Já está nesta área há alguns anos. Quais são as principais mudanças a que tem vindo a assistir quer naquilo que um hotel pode oferecer ao cliente, quer nas exigências e expetativas dos clientes?
Claro que todos os hotéis se vão adaptando ao longo dos tempos, por exemplo hoje em dia já é impensável chegar a um hotel que não tenha um carregamento automático de USB para os telemóveis ou uma televisão mais moderna, luzes de leitura, a questão de ter um spa, questões ambientais, por exemplo, os amenities que se utilizavam em doses individuais e que hoje em dia é apenas um doseador fixo que se vai reabastecendo, entre outros exemplos.
Os clientes são cada vez mais exigentes.
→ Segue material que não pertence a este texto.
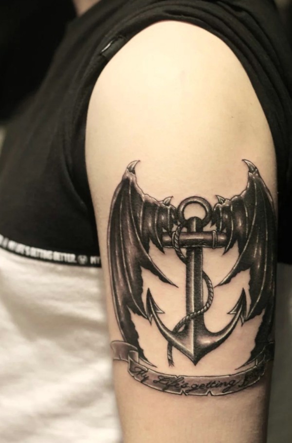 男人大臂黑白彼岸花骷髅_黑白纹身图案大全_纹身图吧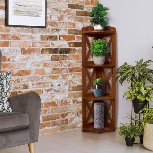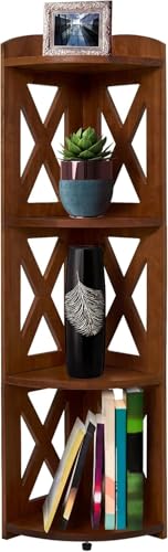 YCICI - حامل ارفف زاوية من واي سي اي سي، رف كتب زاوية، ارفف زاوية صغيرة من الخشب الطبيعي، حامل نباتات، خزانة كتب زاوية لغرفة المعيشة، مكتب المنزل، غرفة النوم، (بني، 4 طبقات X)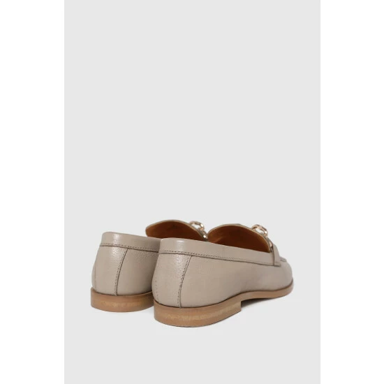 The Libby Leather Chain Loafer upgrades your formal wardrobe in a stone colourway paired with a simple and comfortable silhouette for all-day style. Finished with metallic chain detail and classic stitching.

Não permitem falhas e estão muito habituados às compensações, a irem para as redes sociais e ameaçam logo. O cliente está a pagar e tem uma expetativa e o que nós queremos é dar-lhe experiências e exceder as suas expetativas.
Por isso fiquei mesmo feliz de receber esta nomeação para os Prémios Xénios 2024, porque fiquei com a sensação de dever cumprido. Sem dúvida que é um reconhecimento, porque esta área não é fácil.
E o que significa para si ter recebido esta distinção nos Prémios Xénios 2024?
Foi uma surpresa ter sido nomeada e depois ter ganho. Tenho uma gratidão, pelo reconhecimento de todo o meu empenho e dedicação e digo isto com toda a humildade do mundo, porque acho que nesta profissão é importante sermos humildes. Sinto-me muito grata por fazer aquilo de que gosto e poder partilhar isso com as nossas equipas e poder passar-lhes os bons exemplos.
Apesar de estar na área há muitos anos pensa que esta distinção lhe pode abrir novas portas, mesmo que seja dentro da sua empresa?
Eu acho que sim, porque sempre fui uma pessoa muito discreta e estando numa posição de liderança, dou sempre a primazia a que os outros brilhem. Eu sei que eles são fruto de uma base, e que sou eu que os faz voar, mas fico feliz por isso, e por isso é que eu me senti mais reconhecida ainda, porque sempre me coloquei numa posição mais escondida e estou sempre a apoiá-los. Digo-lhes sempre para darem o seu melhor que eu estou aqui para os apoiar e orgulho-me muito disso.
É cada vez mais importante formar pessoas para esta área, porque existe uma certa escassez, mas esta é uma área de que tem de se gostar, se assim não for é melhor não insistir. Acho que é uma paixão muito grande e se têm lá o ‘bichinho’, oiçam-no. É muito gratificante, estamos sempre a aprender, é bom receber pessoas, fazer com que se sintam bem recebidas e proporcionar-lhes experiências, momentos que depois vão lembrar e passar aos amigos.